(EXTRACTED INFORMATION begins)

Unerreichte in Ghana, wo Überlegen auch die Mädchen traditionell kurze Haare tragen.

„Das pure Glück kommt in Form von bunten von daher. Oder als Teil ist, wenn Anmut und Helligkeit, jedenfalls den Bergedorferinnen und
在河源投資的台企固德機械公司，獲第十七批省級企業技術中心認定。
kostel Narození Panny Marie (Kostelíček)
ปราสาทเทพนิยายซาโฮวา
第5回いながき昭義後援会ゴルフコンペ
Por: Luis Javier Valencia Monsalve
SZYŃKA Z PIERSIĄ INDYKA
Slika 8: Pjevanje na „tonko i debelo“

(EXTRACTED INFORMATION ends)
(EXTRACTED INFORMATION begins)

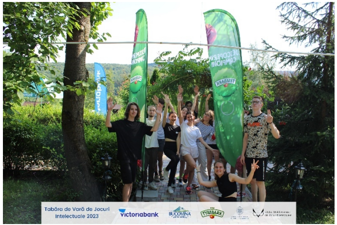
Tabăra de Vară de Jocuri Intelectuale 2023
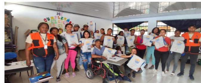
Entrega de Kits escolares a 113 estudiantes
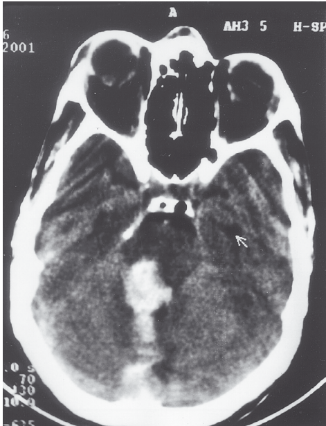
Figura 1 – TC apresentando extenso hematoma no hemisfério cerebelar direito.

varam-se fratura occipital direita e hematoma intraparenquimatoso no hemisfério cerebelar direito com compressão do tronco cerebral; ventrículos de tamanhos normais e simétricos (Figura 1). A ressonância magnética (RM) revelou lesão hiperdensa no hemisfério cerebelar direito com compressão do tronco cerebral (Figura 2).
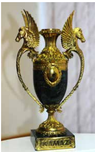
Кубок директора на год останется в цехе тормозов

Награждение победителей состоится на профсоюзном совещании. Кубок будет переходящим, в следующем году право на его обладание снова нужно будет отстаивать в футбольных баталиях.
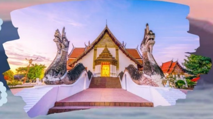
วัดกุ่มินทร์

(EXTRACTED INFORMATION ends)

**EXERCISE DETAILS**
In the records above, find the line with "Entrega de Kits escolares a 113 estudiantes" and the line with "วัดกุ่มินทร์"; please transcribe exactly those two lines and all lines between them, omitting any picture.

**ANSWER TO THIS EXERCISE**
Entrega de Kits escolares a 113 estudiantes
Figura 1 – TC apresentando extenso hematoma no hemisfério cerebelar direito.

varam-se fratura occipital direita e hematoma intraparenquimatoso no hemisfério cerebelar direito com compressão do tronco cerebral; ventrículos de tamanhos normais e simétricos (Figura 1). A ressonância magnética (RM) revelou lesão hiperdensa no hemisfério cerebelar direito com compressão do tronco cerebral (Figura 2).
Кубок директора на год останется в цехе тормозов

Награждение победителей состоится на профсоюзном совещании. Кубок будет переходящим, в следующем году право на его обладание снова нужно будет отстаивать в футбольных баталиях.
วัดกุ่มินทร์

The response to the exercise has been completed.